Trudeau continued to indicate that he is changing course in his negotiating demands, shifting from the inviolability of supply management for dairy farmers to his demand that Canada retain cultural sovereignty — something the United States has never questioned. Trudeau event suggested he might drop his hardline defense of a Canadian dairy industry that keeps prices higher by regulating the supply of its products.

“We will defend supply management, as I’ve said, but is there room for flexibility? We’ll see, and that depends on the kinds of negotiations we have,” he told CHED. “We’re not going to accept that we have to sign a bad deal just because the president wants that. We’ll walk away and not sign a deal rather than sign a bad deal for Canadians.”

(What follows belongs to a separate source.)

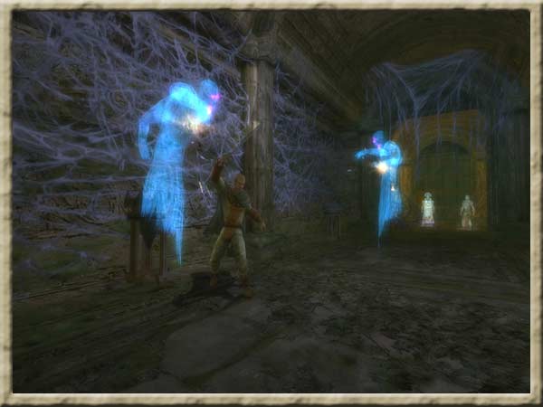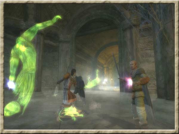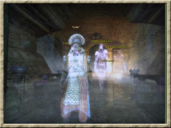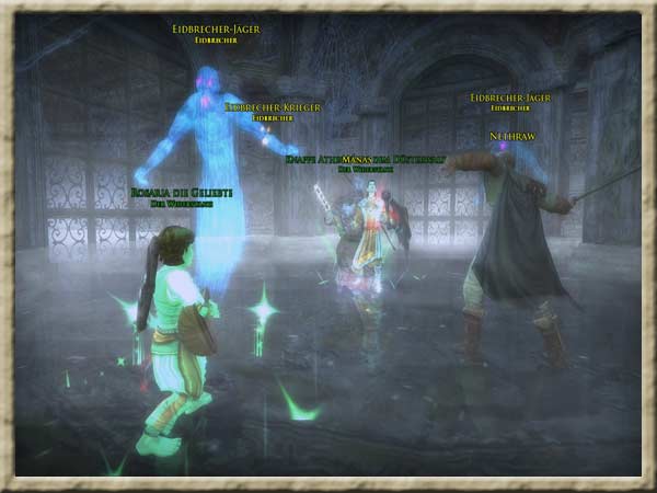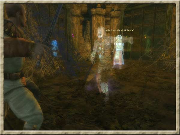 Nach dem ersten Kampf erscheint der Geist von Abb. Dieser löst einen Furcht-Effekt aus wenn man ihm und seinen Geistern zu nahe kommt. Das Problem an der Sache ist, dass Abb der Gruppe ganz langsam hinterhergeht. Wenn man sich also bei den folgenden Kämpfen zu viel Zeit lässt, holt Abb die Gruppe ein. |

Trudeau’s hutzpa came as Canadian Foreign Affairs Minister Chrystia Freeland continues with exhausting negotiations in Washington with Trump’s trade representative, Robert Lighthizer.

Freeland told reporters Wednesday that the prime minister’s words were “important.”

“I agree with the prime minister in public all of the time and in private 99.99 percent of the time. And I think those comments, you know, he made some important comments,” she told a media scrum.

Trump again reiterated his claim that the existing NAFTA is  “a very stupid deal for the United States.”

“I’m not blaming Canada. I love Canada,” he told reporters in the Oval Office. “But they and other countries have been taking advantage of the United States for many years. And this is the president that has stopped it.”